A imagem mais emblemática do presidente Jair Bolsonaro na visita a Bagé não é, como deveria ser, a da entrega das chaves de um apartamento. Quem se encarregou de ofuscar o que seria o motivo principal da viagem foi o próprio Bolsonaro, ao se comportar como um camelô da cloroquina, medicamento de eficácia não comprovada no tratamento de pacientes da covid-19.
A imagem está ficando manjada e não tem nem a carga humorística daquela em parece mostrar a caixa de hidroxicloroquina a uma das emas do Palácio da Alvorada. É apenas uma representação simbólica da obsessão do presidente em vender aos brasileiros a ilusão de que não precisam se proteger porque, caso se contaminem, basta tomar a poção mágica.
Na breve manifestação à imprensa, depois da entrega das chaves das moradias populares, Bolsonaro mostrou que está levando a sério a orientação de evitar a incontinência verbal. Foi mais econômico nas palavras do que quando esteve em Pelotas em 2019 para inaugurar um trecho da duplicação da BR-116. Não fez piadas sobre a sexualidade dos gaúchos, evitou provocações e cortou a conversa quando o repórter Eduardo Matos, da Rádio Gaúcha, o questionou sobre a CPMF.
O presidente voltou a minimizar a pandemia que já matou mais de 91 mil brasileiros e deve ultrapassar a barreira dos 100 mil na primeira quinzena de agosto. Disse que lamenta as mortes, mas que todo mundo vai pegar o vírus e não há motivo para ter medo.

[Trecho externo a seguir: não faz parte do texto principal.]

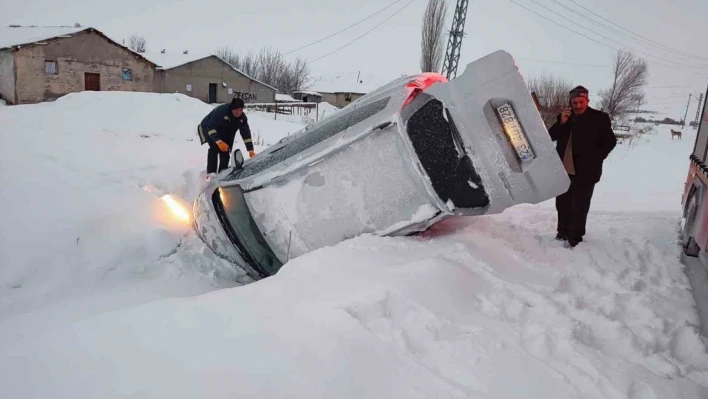 Elazığ'da karda kayan hafif ticari araç devrildi: 2 yaralı

E citou a esposa, Michelle, que recebeu nesta semana o diagnóstico positivo, quase um mês depois dele.
Questionado sobre a aposta na cloroquina, respondeu:
— Não é que eu apostei (na cloroquina). Eu estudei a questão com médicos e vi como estava sendo feito no mundo, em especial em países da África. Quando não se tem alternativa, não proíba um médico que queira usar o medicamento. Se não fosse a tentativa e erro, muitas doenças estariam até hoje existindo no mundo. Ainda não temos alternativa. O pessoal fala que não tem comprovação científica. Sabemos que não tem. Mas também não tem ninguém cientificamente dizendo que não faz efeito. É o que tem, então vamos usar. Ouvindo o médico, obviamente.
Bolsonaro, que tomou hidroxicloroquina tão logo recebeu o teste positivo, apresenta-se como a prova viva de que o medicamento é eficaz, embora a maioria absoluta dos contaminados se cure sem precisar de medicação ou tomando apenas analgésicos para a febre.
O laboratório que fabrica a hidroxicloroquina não tem do que reclamar. Está vendendo como nunca um remédio até então de uso restrito a pacientes de malária, artrite reumatoide e algumas doenças autoimunes. Com a propaganda feita pelo presidente e por políticos que identificaram no medicamento uma forma de faturar politicamente, o fabricante não precisa se preocupar com a crise que abala diferentes setores da economia brasileira.
Bagé foi escolhida a dedo para a primeira visita de Bolsonaro ao Rio Grande do Sul desde o início da pandemia. Trata-se da cidade em que, antes da campanha de 2018, o ex-presidente Lula foi literalmente corrido a relho por manifestantes antipetistas. Pouco antes da eleição, como Bolsonaro teve de suspender as viagens para se recuperar da facada que sofrera em Juiz de Fora, o então candidato a vice, Hamilton Mourão, foi a Bagé e recebeu um relho do prefeito Divaldo Lara (PTB), em claro sinal de provocação aos adversários da chapa que se sagraria vencedora.